Mantenha o sobrenadante no gelo para as rodadas subsequentes de recuperação. Adicione 500 microlitros de tampão de lavagem A às contas e vórtice por cinco segundos. Colete as esferas com um ímã e, em seguida, lave-as duas vezes com 500 microlitros de tampão de lavagem B.To elui o RNA, adicione 30 microlitros de Tris-HCl 10 milimolares e incube o tubo a 80 graus Celsius por dois minutos com agitação contínua a 1.000 RPM.

Transfira o tubo diretamente para o suporte magnético e colete o eluído o mais rápido possível após 10 segundos ou mais para evitar a possível religação de mRNAs aos grânulos em temperaturas mais baixas. Os eluatos de rodadas repetidas são então combinados e podem ser armazenados a menos 80 graus Celsius. Para capturar mRNAs específicos, adicione 30 microlitros de esferas magnéticas acopladas à estreptavidina a um mililitro de ligação e tampão de lavagem contendo 0,1 miligrama por mililitro de RNA de transferência de E.coli.

Equilibre-se em um rotador por uma hora em temperatura ambiente. Após uma hora, lave as contas três vezes com 750 microlitros de encadernação e tampão de lavagem. Vortex o tubo, em seguida, remova o tampão P&B, depois ressuspenda em 30 microlitros de tampão e mantenha no gelo até o uso.

Dilua aproximadamente 35 microgramas de proteína total do isolamento poli (A) anterior em 100 microlitros de tampão de ligação e lavagem, em seguida, adicione 200 picomoles do oligonucleotídeo antisense apropriado e incube a 70 graus Celsius por cinco minutos para facilitar o recozimento. Remova todo o bloco de calor do dispositivo e coloque-o em temperatura ambiente por 10 minutos para esfriar lentamente. Em seguida, adicione os 30 microlitros de esferas magnéticas acopladas a estreptavidina equilibradas à amostra e, em seguida, incube a mistura por 30 minutos a 25 graus Celsius com agitação constante a 950 rpm em um misturador.

Coloque o tubo no suporte magnético, remova o sobrenadante e lave as contas três vezes com 750 microlitros de encadernação pré-aquecida e tampão de lavagem a 55 graus Celsius. Adicione 20 microlitros de Tris-HCl 10 milimolares e coloque a 90 graus Celsius com agitação constante a 950 rpm por 10 minutos para eluir o RNA. Após 10 minutos, coloque o tubo no suporte magnético e colete imediatamente o eluído.

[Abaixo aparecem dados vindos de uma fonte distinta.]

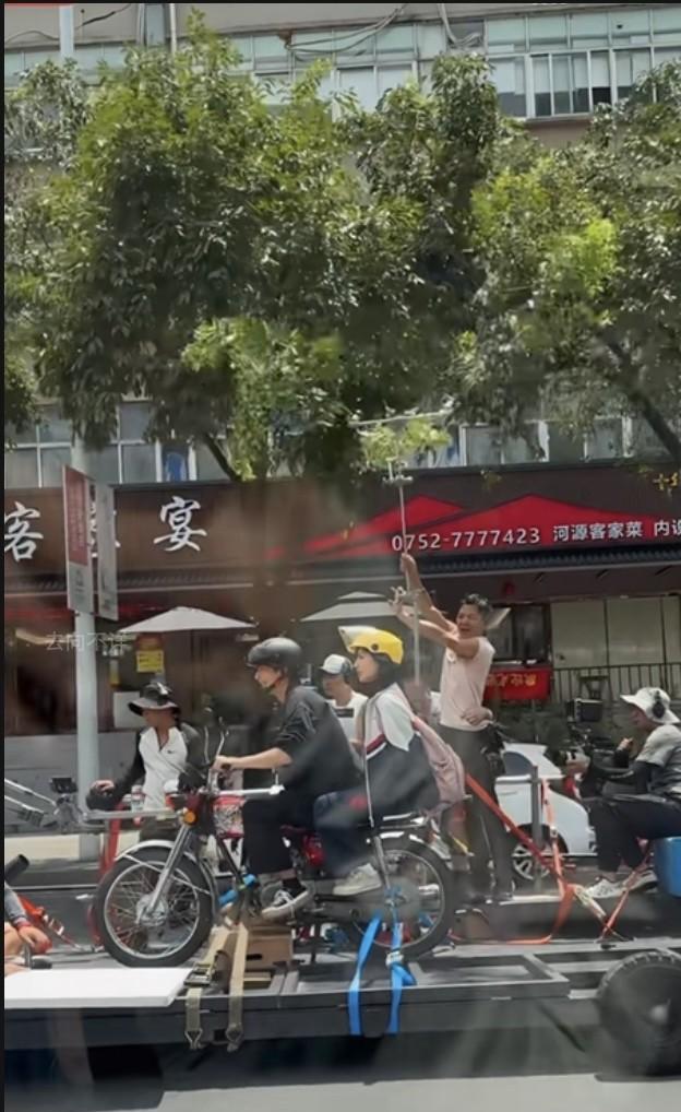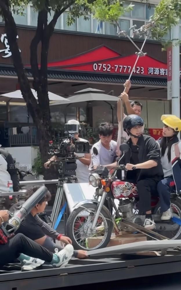 原来演员们骑摩托车的戏是这么拍的啊?难怪电视剧里主角们开车都不用怎么看路,原来压根不用他们开! 网友偶遇电视剧《野狗骨头》的拍摄现场,宋威龙骑摩托车载着张婧仪,只见摩托车被固定在拖车上,两人只是坐在上面进行对戏,由拖车拖着前进,一旁还有人有秩序地转动着树枝,模拟骑车过程一旁移动的树影。这实际拍摄场景还挺搞笑的。 想想这样拍摄也有道理,毕竟更安全演员可以专注于表演,摄影机拍出来的画面更稳定。就是挺考验演员信念感的,搁我上去真有点忍不住笑场! #张婧仪# #宋威龙# #野狗骨头# #电视剧幕后#

Este é um gel de agarose usado para a detecção de mRNAs com RT-PCR usando primers específicos após captura com oligo (dT) e um oligonucleotídeo antisense para mRNAs p27 do extrato de células HEK293. Um controle sem oligonucleotídeos antisense também é mostrado. As pistas de entrada mostram o RNA total das células reticuladas.

Além disso, são também apresentados os resultados da concorrência com a poli(A). Aqui é mostrada uma análise de immunoblot de proteínas ligadas ao mRNA com anticorpos que detectam o antígeno R humano, proteína de ligação ao RNA desconhecida e beta-Actina, que é uma proteína de controle negativo. O blot mostra que o antígeno humano R foi detectado com sucesso em isolados de poli(A)RNA após a captura de mRNAs de p27 com oligonucleotídeos antisense.

O antígeno humano R não foi detectado em isolados de controle sem oligonucleotídeo antisense. As pistas de entrada mostram as proteínas no extrato de células reticuladas e os resultados da competição com poli (A) também são mostrados. Após este procedimento, outro método como espectrometria de massa pode ser realizado para analisar sistematicamente toda a amostra de proteína interagindo com um RNA específico in vivo.

É importante ressaltar que o TRIP é uma abordagem versátil que pode ser adaptada a todos os tipos de RNAs poliadenilados em organismos para entender o arranjo dinâmico das interações de proteínas de RNA. Portanto, pode ser usado para investigar RNAs controlados pelo desenvolvimento ou relacionados a doenças e pode eventualmente levar a novos alvos para intervenção terapêutica.